_YOUR GOAL_
Starting at the line below that contains "Maloco Interna" and ending at the line that contains "- इसमें Samsung", retype each line exactly as it stands, but omit the pictures.

GIVEN DATA Block Start

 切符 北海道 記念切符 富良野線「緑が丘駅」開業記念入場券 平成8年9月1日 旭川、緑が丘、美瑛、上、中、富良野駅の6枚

GIVEN DATA Block End
GIVEN DATA Block Start

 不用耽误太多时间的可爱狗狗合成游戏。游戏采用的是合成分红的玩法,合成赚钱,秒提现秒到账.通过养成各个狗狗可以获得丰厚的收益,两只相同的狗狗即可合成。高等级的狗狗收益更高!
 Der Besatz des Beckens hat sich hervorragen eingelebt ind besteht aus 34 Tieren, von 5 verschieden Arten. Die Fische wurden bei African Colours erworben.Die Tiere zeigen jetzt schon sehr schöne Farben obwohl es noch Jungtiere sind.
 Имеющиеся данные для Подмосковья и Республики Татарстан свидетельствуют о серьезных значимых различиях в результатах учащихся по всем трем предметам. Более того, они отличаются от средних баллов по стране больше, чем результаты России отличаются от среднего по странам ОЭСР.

GIVEN DATA Block End
GIVEN DATA Block Start

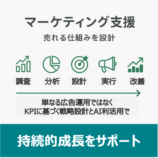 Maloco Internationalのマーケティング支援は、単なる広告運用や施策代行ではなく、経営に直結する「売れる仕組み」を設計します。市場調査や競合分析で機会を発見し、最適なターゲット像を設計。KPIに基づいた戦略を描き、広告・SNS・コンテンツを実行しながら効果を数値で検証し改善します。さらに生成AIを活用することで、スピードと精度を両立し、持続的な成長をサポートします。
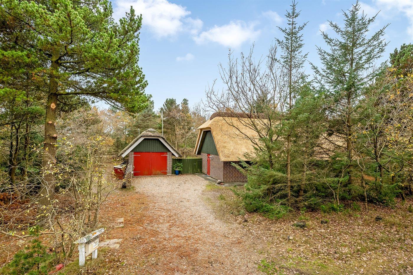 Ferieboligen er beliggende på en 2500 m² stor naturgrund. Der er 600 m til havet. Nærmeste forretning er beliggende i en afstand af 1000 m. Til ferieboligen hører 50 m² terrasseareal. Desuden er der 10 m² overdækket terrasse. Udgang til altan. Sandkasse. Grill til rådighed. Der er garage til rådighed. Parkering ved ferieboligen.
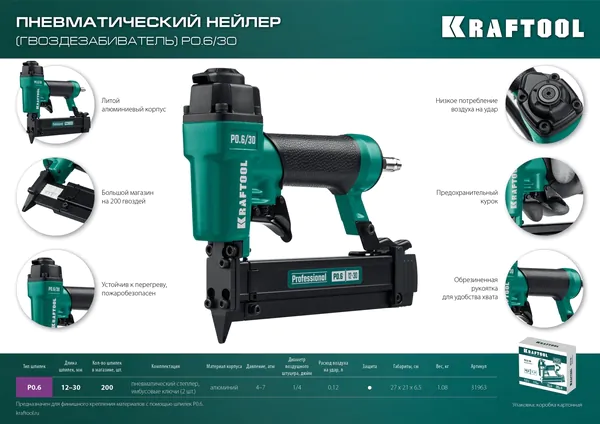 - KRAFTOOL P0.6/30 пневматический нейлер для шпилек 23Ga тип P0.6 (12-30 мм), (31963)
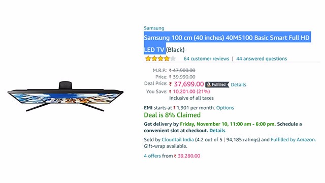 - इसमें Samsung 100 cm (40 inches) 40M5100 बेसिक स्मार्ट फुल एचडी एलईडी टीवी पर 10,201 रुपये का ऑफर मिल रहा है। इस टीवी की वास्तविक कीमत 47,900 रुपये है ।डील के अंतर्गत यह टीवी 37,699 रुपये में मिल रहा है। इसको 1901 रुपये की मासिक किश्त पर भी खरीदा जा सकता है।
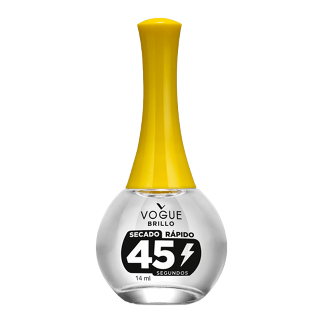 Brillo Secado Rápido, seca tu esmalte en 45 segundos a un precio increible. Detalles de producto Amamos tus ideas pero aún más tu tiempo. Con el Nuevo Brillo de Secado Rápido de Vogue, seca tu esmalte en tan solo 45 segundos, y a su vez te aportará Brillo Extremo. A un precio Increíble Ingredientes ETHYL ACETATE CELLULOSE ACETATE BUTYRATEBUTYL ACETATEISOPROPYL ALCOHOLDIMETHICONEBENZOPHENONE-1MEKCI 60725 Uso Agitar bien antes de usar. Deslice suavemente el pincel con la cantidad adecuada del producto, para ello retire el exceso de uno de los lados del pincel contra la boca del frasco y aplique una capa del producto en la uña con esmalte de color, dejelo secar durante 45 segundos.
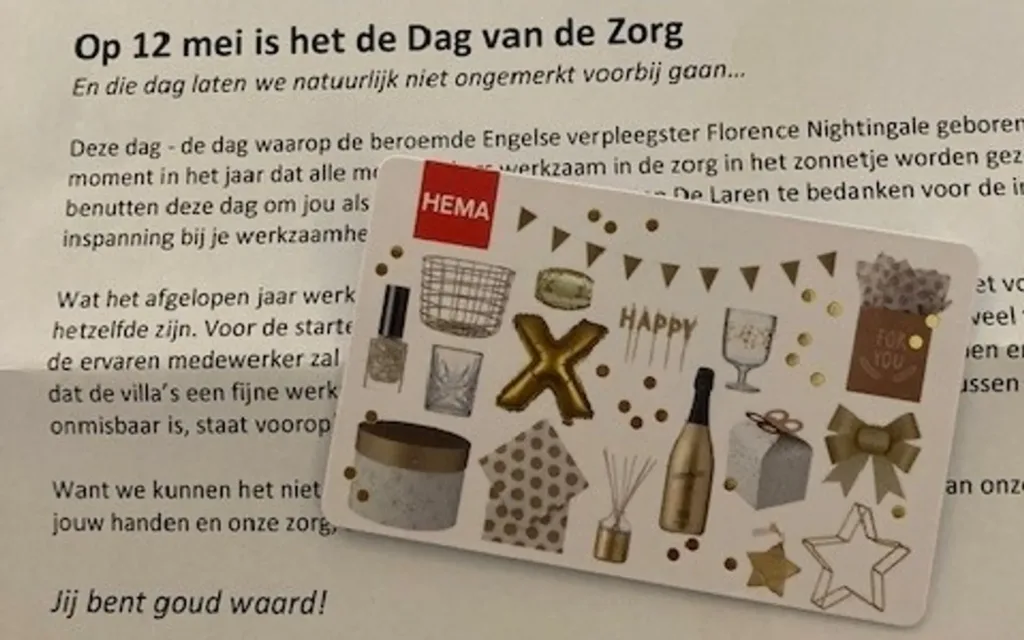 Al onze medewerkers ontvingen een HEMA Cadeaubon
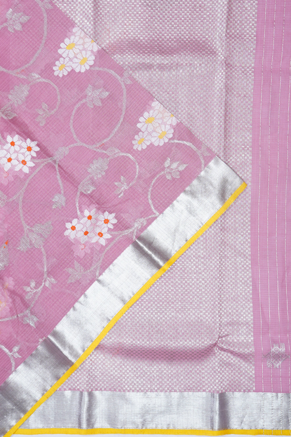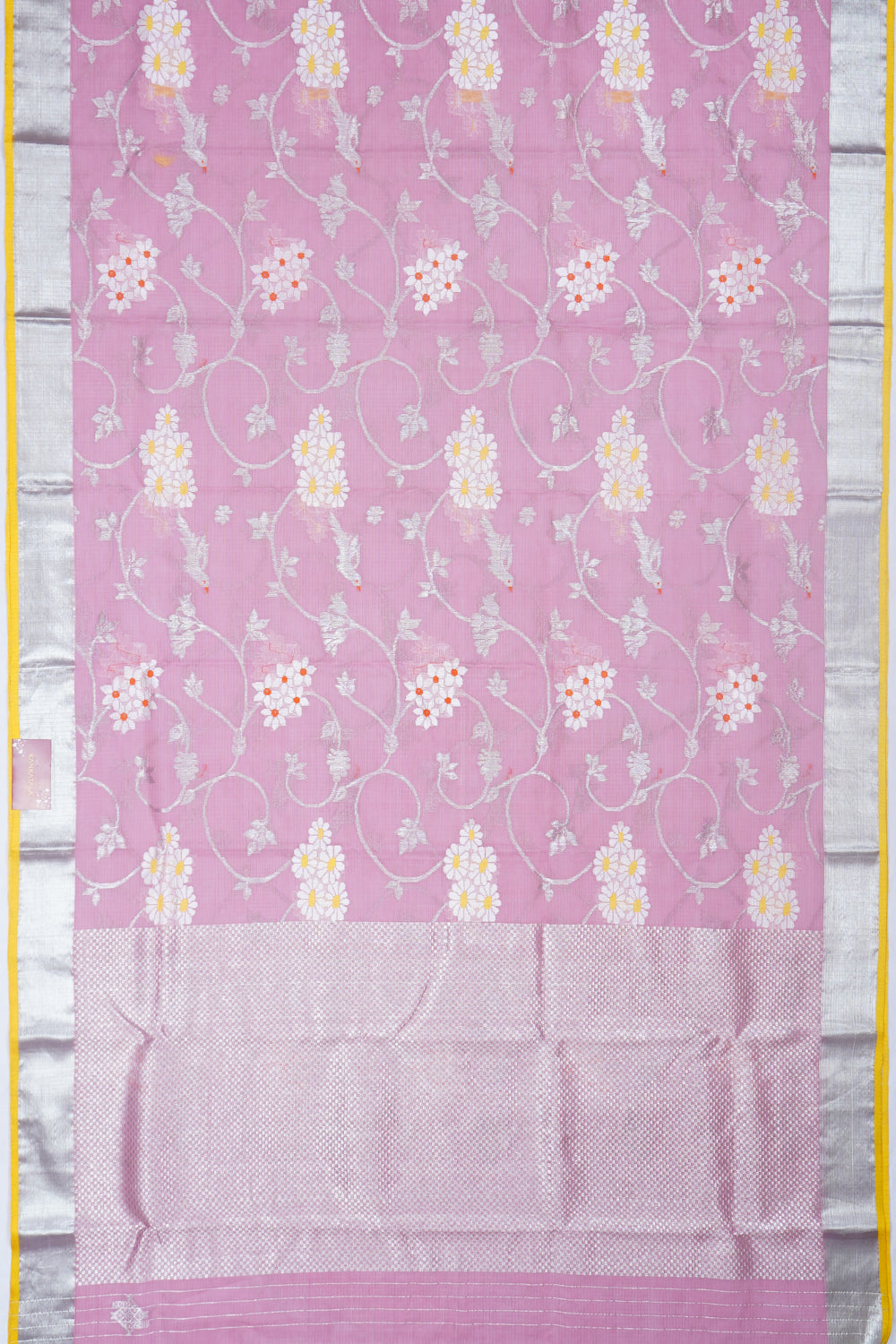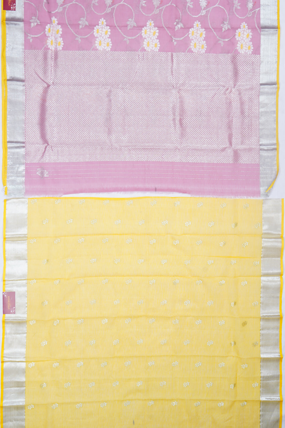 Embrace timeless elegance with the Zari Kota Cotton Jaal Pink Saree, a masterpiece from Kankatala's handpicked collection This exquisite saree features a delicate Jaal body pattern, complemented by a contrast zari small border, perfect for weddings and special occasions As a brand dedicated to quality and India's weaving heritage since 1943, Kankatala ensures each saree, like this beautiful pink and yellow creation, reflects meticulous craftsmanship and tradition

GIVEN DATA Block End

_RESULT_
 Maloco Internationalのマーケティング支援は、単なる広告運用や施策代行ではなく、経営に直結する「売れる仕組み」を設計します。市場調査や競合分析で機会を発見し、最適なターゲット像を設計。KPIに基づいた戦略を描き、広告・SNS・コンテンツを実行しながら効果を数値で検証し改善します。さらに生成AIを活用することで、スピードと精度を両立し、持続的な成長をサポートします。
 Ferieboligen er beliggende på en 2500 m² stor naturgrund. Der er 600 m til havet. Nærmeste forretning er beliggende i en afstand af 1000 m. Til ferieboligen hører 50 m² terrasseareal. Desuden er der 10 m² overdækket terrasse. Udgang til altan. Sandkasse. Grill til rådighed. Der er garage til rådighed. Parkering ved ferieboligen.
 - KRAFTOOL P0.6/30 пневматический нейлер для шпилек 23Ga тип P0.6 (12-30 мм), (31963)
 - इसमें Samsung 100 cm (40 inches) 40M5100 बेसिक स्मार्ट फुल एचडी एलईडी टीवी पर 10,201 रुपये का ऑफर मिल रहा है। इस टीवी की वास्तविक कीमत 47,900 रुपये है ।डील के अंतर्गत यह टीवी 37,699 रुपये में मिल रहा है। इसको 1901 रुपये की मासिक किश्त पर भी खरीदा जा सकता है।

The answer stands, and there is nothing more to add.